I’m a scholar who teaches about the high stakes of Middle East conflict. I think we should look beyond obvious obstacles to consider why Trump may believe he can achieve a deal. However, past failures and present Palestinian-Israeli hostility suggest that skepticism about an agreement remains warranted.
The basic obstacles to peace
The barriers to an Israeli-Palestinian agreement are numerous.
On the Israeli side, a deal would be unpopular among Israelis on the political right and require tremendous change. For example, Israel’s military and security position would be entirely different if it disengaged from much of the West Bank. And Israeli governments have faced relatively low political costs to leaving the conflict unresolved.
Israeli leaders have established massive security measures in the West Bank, restricted contact between Israelis and Palestinians through the border wall and allowed politically influential Israeli settlers to expand settlements. All of this cements Israeli de facto control over internationally recognized Palestinian land.
In addition, its economic and military strength and regional strategic importance to the West put Israel under little pressure to address the conflict.
Meanwhile, Palestinian leadership is aging, fragmented between Gaza and the West Bank and losing credibility among its people. Few Palestinians believe that the U.S.-led negotiating process can deliver a fair agreement. Palestinian leaders may consider negotiations less useful than building broader international pressure to raise the cost to Israel of maintaining the status quo.
Even before Trump, the U.S. was viewed by many Palestinians as a dishonest broker. Thus, Palestinian leaders have little reason to prioritize negotiations that seem stacked against them, over a longer diplomatic game in which American power may become weaker. This is especially so, given that Palestinians may think that their growing population will supplant Israeli Jews over time and, in turn, increase their international bargaining power.
These are among the obstacles that diplomats faced in recent years when trying to make progress toward a solution.
The result is an enduring impasse that may endanger the democratic nature of Israel and the basic rights of Palestinians. Long-term subjugation of an occupied population threatens Israeli democracy by encouraging further militarization and discrimination in the West Bank. Meanwhile, Palestinians live with a lack of economic opportunities and basic freedom of movement.
Given these dynamics, some knowledgeable experts argue that a two-state solution is dead.
Why then would the Trump administration raise hopes that its inexperienced foreign policy team can succeed where others have failed?
Why Trump might be acting
Trump may well believe that present conditions and his willpower can move the Palestinian-Israeli conflict toward resolution.
His likely rationale is that his good relationship with Israel’s government might align with the strategic interest of key Arab states to push Palestinians into a credible, if unfavorable, deal.

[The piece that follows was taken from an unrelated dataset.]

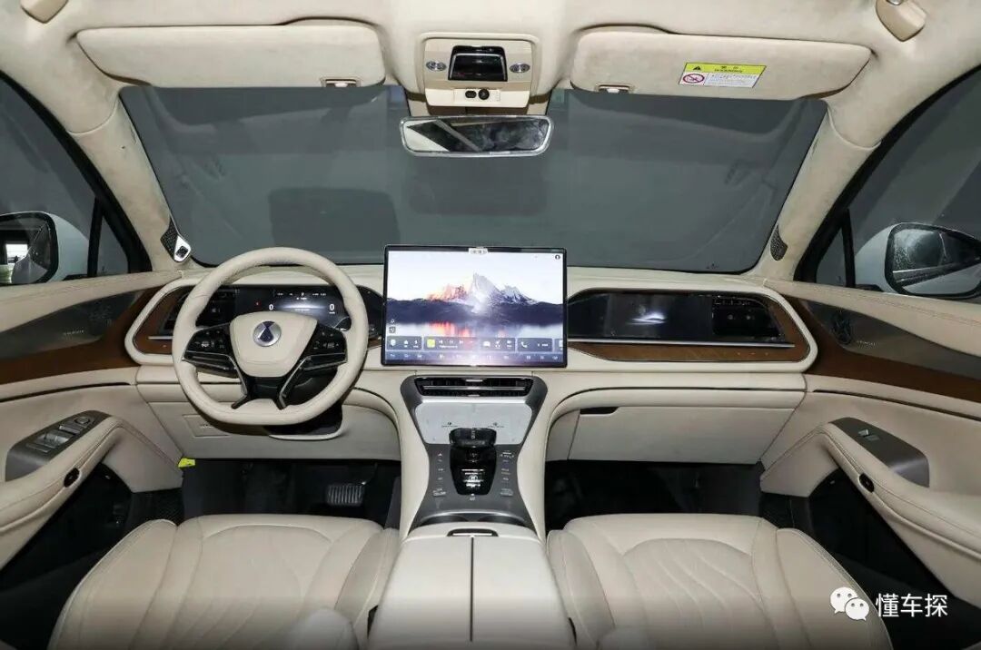走进腾势N7的车内,内饰的设计布局也与比亚迪其他车型有所不同,以中控区域为中轴形成了车内的对称式布局,同时与车门更为紧密的贴合设计也让车内带有了更强的环抱式氛围,腾势N7在用料上也保持了更高级的水准,不仅采用了大面积的软性面料包覆,同时还在增加了仿木纹饰板和烤漆材质进行装饰,使得车内整体质感进一步提升,台面中央配有一块大尺寸悬浮屏,仪表区与副驾前方也搭配了内嵌屏设计,在功能上更为丰富。
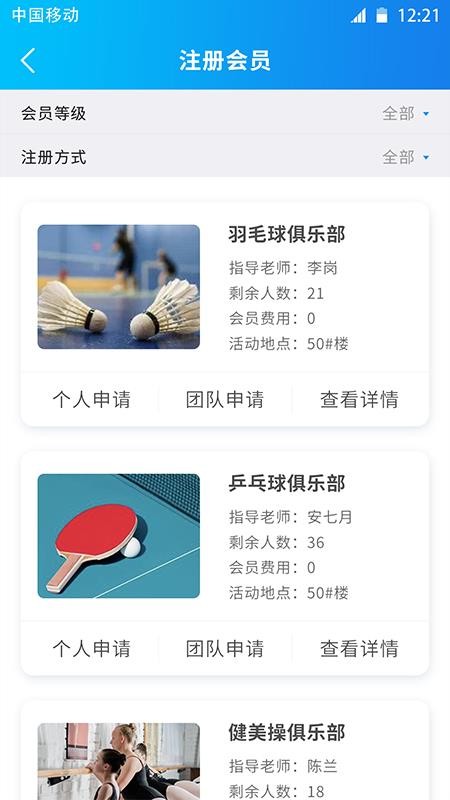 1、为用户提供注册会员版块,用户在这里能够看到各个俱乐部信息,快速申请;

Trump appears to have strong rapport with Israeli Prime Minister Benjamin Netanyahu. Even if Netanyahu’s legal problems neutralize his power, Israel’s more rightward-looking political forces are pleased both with the Trump administration’s recent plan to move the U.S. embassy to Jerusalem and their close ties with some in his administration. They may therefore be willing to consider a peace plan proposed by this White House.

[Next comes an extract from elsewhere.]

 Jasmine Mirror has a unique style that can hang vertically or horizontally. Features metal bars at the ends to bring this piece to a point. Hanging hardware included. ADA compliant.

Moreover, Trump and son-in-law Jared Kushner both enjoy a warm relationship with Saudi Arabia. Saudi Arabia, in turn, has been working closely with Egypt in regional politics. Thus, the two most populous and influential Arab states are cooperating closely with the U.S.
Trump insiders can point to several developments that present an unusual opportunity for a settlement.
First is the respect hawkish Israelis hold for the Trump administration. Second is the strong U.S. coordination with Egypt and Saudi Arabia, who might themselves wish to step up ties to Israel in a broader effort to combat Iran. Third is the possible economic benefit to both Israel and Palestine of increased regional cooperation. That would happen if the barrier that the Palestinian problem represents to clearer Arab-Israeli ties were removed. Indeed, the White House has suggested that Palestinians are unlikely to get foreign aid if they don’t join new peace talks.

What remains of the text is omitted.